Vlora perked up. “That’s far better than I expected.”

“It’s only Riflejack numbers,” Olem responded sourly.

“Oh.” Vlora fought the sinking feeling in the pit of her stomach. That meant that only a few hundred of her soldiers had escaped the battle unharmed. Recovery would be weeks at best, and they’d lose a number of the wounded to disease, infection, or blood loss. “The garrison?”

“The garrison,” Olem said slowly, “was hit hard. They’ve got fewer wounded than us, but about eight thousand dead. They’re not used to this kind of fighting.”

“Nobody is used to this kind of fighting,” Vlora responded, shaking her head. “I’ve never seen anything like it – soldiers that just would not break, no matter how many dead we piled in front of them. I saw Ka-poel a couple of hours ago. She told me that it was definitely blood magic, spread out across half a dozen bone-eyes. The ship Vallencian plowed into must have contained one of the more powerful practitioners, and his death shattered their concentration.”

“At least that’s a mystery solved.”

“I’m not sure I like knowing,” Vlora said. “All my training – pit, all Adran strategy – is based off breaking a less-well-trained enemy. If the enemy will not break, then how do we win?”

“We won yesterday.”

“Barely.”

“Can Ka-poel replicate the Dynize sorcery?”

“She’s powerful enough, that’s for sure. But she’s not formally trained. Everything she can do is self-taught, and she says providing a backbone to ten thousand men is a challenge she’s never even considered before. All her attention right now is focused on the godstone.”

“And?” Olem asked, ashing his cigarette and lowering himself with a groan to the sand beside Vlora.

“And what?” Vlora said with a frustrated shrug. “None of us are Privileged. The two remaining Privileged that the Blackhats left behind don’t want to go near the thing. We don’t know exactly what it is or how it works. I don’t even want to think about it.” She put her head in her hands and rubbed her eyes. “Speaking of the Blackhats…”

“We don’t know where they are,” Olem answered. “I sent out riders. Best guess is Lindet retreated to a safe distance and, once she finds out we’ve won, she’ll return to the city.”

“And bring thousands of angry, armed men with her.” Vlora gritted her teeth, wondering if she was strong enough for a power struggle so soon after the end of this battle. “I’ll kill her before I let her take control of the godstone.”

“Does she know that?”

“I told her as much when I threatened to arrest her.”

“So much for the element of surprise.” Olem flicked a cigarette butt toward the water. “I saw them carrying Vallencian toward the fort.
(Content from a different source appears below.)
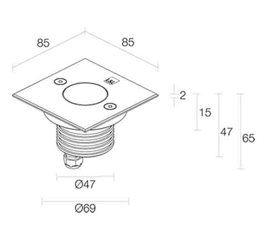 Bright 2.5 - incasso da esterno (non adatto per immersione in piscine e fontane); carrabile fino a 2000 kg; 24Vdc; 1 power LED High Intensity; Ottiche: diffusa; CRI: 80; corpo in acciaio inox AISI 316L, acciaio inox AISI 316L, schermo in vetro extrachiaro temprato sabbiato (versione diffusa); Finiture: acciaio inox; alimentatore non incluso; incluso cavo in neoprene di 1,5 m H05RN-F 2x0,75/0,75 Ø6,3 mm; Grado di protezione: IP68; Grado di resistenza: IK10; Sistemi di protezione: IPS, PID; Temperatura di esercizio: -20°C — +45°C; Temperatura massima apparecchio: 40°C (Ta 25°C); Glow wire test: 960°; Sicurezza fotobiologica: gruppo rischio 1 secondo EN62471:2006; Classe di isolamento: III; Peso: ghiera in acciaio inox: 440 g; Dimensioni: 85x85x63 mm; Accessori: WC0100 Cassaforma, WC0103 Cassaforma, WC0150 Cassaforma, WE0400A Schermo semidiffondente, metà trasparente e metà satinato, WE0400S Schermo antiabbagliamento, metà trasparente e metà serigrafato nero, WF8505 Cavo in neoprene - 5 m H05RN-F 2x0,75/0,75 Ø6,3 mm - IPS, WF8510 Cavo in neoprene - 10 m H05RN-F 2x0,75/0,75 Ø6,3 mm - IPS, WF8515 Cavo in neoprene - 15 m H05RN-F 2x0,75/0,75 Ø6,3 mm - IPS, WF8520 Cavo in neoprene - 20 m H05RN-F 2x0,75/0,75 Ø6,3 mm - IPS, WF8605 Cavo in neoprene - 5 m H05RN-F 2x0,75/0,75 Ø6,3 mm - IPS, WF8610 Cavo in neoprene - 10 m H05RN-F 2x0,75/0,75 Ø6,3 mm - IPS, WF8615 Cavo in neoprene - 15 m H05RN-F 2x0,75/0,75 Ø6,3 mm - IPS, WF8620 Cavo in neoprene - 20 m H05RN-F 2x0,75/0,75 Ø6,3 mm - IPS, WG0100 Molle di fissaggio Ø70mm,WH0201 Nido d’ape ; Classe di consumo energetico: A / A+ / A++. LED 5W 4000K CRI 80 - diffusa.

They said he’s still alive.”

“For now,” Vlora responded.

“I’m going to go check on him. Come find me when you decide to stop watching them collect the bodies.”

Vlora helped Olem to his feet, then watched him head back toward Fort Nied, before attempting to collect herself emotionally. Seven hundred men dead. Too many names to memorize, but she’d read through the lists before they were laid to rest. She wondered if they had died hating her for putting them in front of the Dynize.

“They knew the risks. They signed up for the coin,” she told herself. “You didn’t bring a bunch of greenhorns out into the wild. You brought the best damned riflemen in the world, and it’s the only reason most of us are still alive today.”

Somewhere down the beach, members of the garrison had started a driftwood bonfire. Fire for the Dynize dead. Earth for the Riflejacks and garrison. The price of victory.

The price of saving a city of a million people.